-- The data --
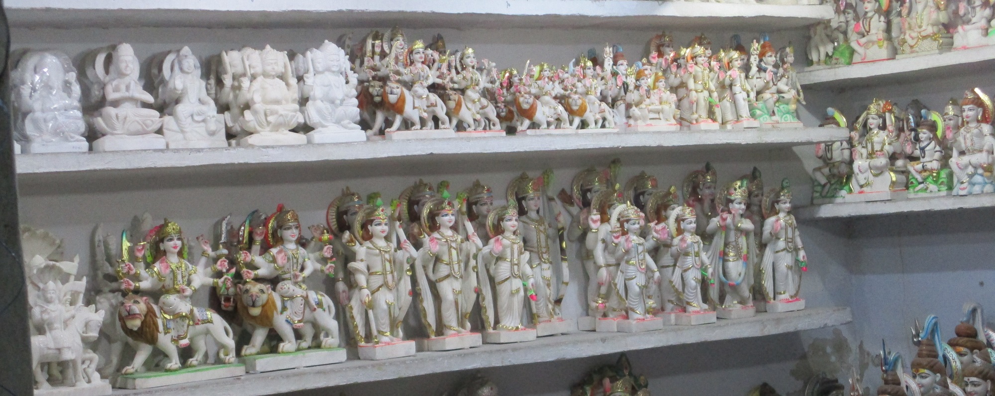 A particular area in the Moti Bazaar of Haridwar is the regional centre for the statues of deities. There are several work-shops in the by-lanes hidden from the main streets and lanes. Roughly hewed stones — marble, sandstone, and granite — in the shapes and with iconography of specific deities are commissioned by these work-shops. The rough shapes are cut in stones in the western state of Rajasthan.
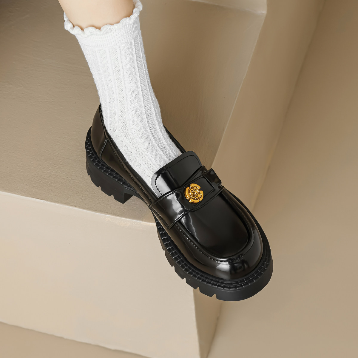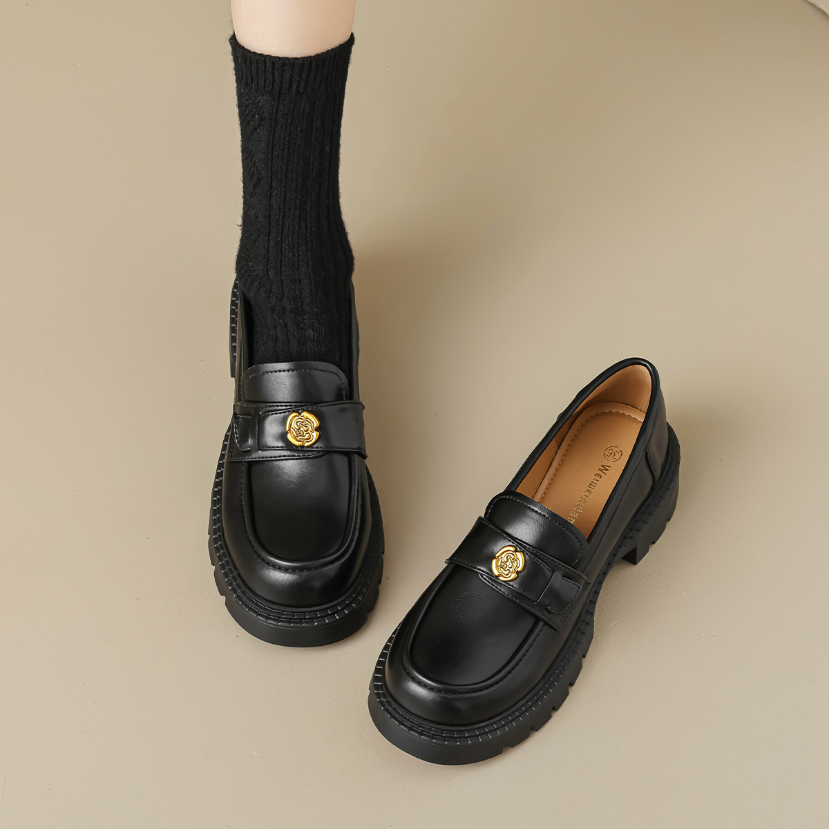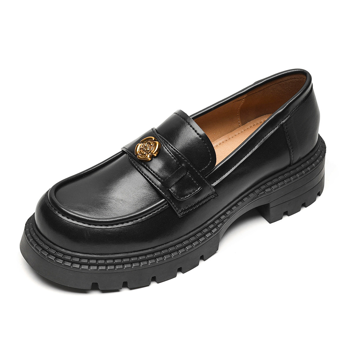 真皮厚底小皮鞋女春款英伦风百搭单鞋山茶花乐福鞋大码女鞋41到43
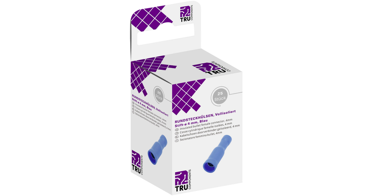 Tru Components T1904C049 Bullet Receptacle 1.50 Mm² 2.50 Mm² Insulated Blue 25 Pc(S)

-- Assigned task --
When you repeat the listing, keep it exact and leave the pictures behind.

-- Answer to this problem --
 A particular area in the Moti Bazaar of Haridwar is the regional centre for the statues of deities. There are several work-shops in the by-lanes hidden from the main streets and lanes. Roughly hewed stones — marble, sandstone, and granite — in the shapes and with iconography of specific deities are commissioned by these work-shops. The rough shapes are cut in stones in the western state of Rajasthan.
 真皮厚底小皮鞋女春款英伦风百搭单鞋山茶花乐福鞋大码女鞋41到43
 Tru Components T1904C049 Bullet Receptacle 1.50 Mm² 2.50 Mm² Insulated Blue 25 Pc(S)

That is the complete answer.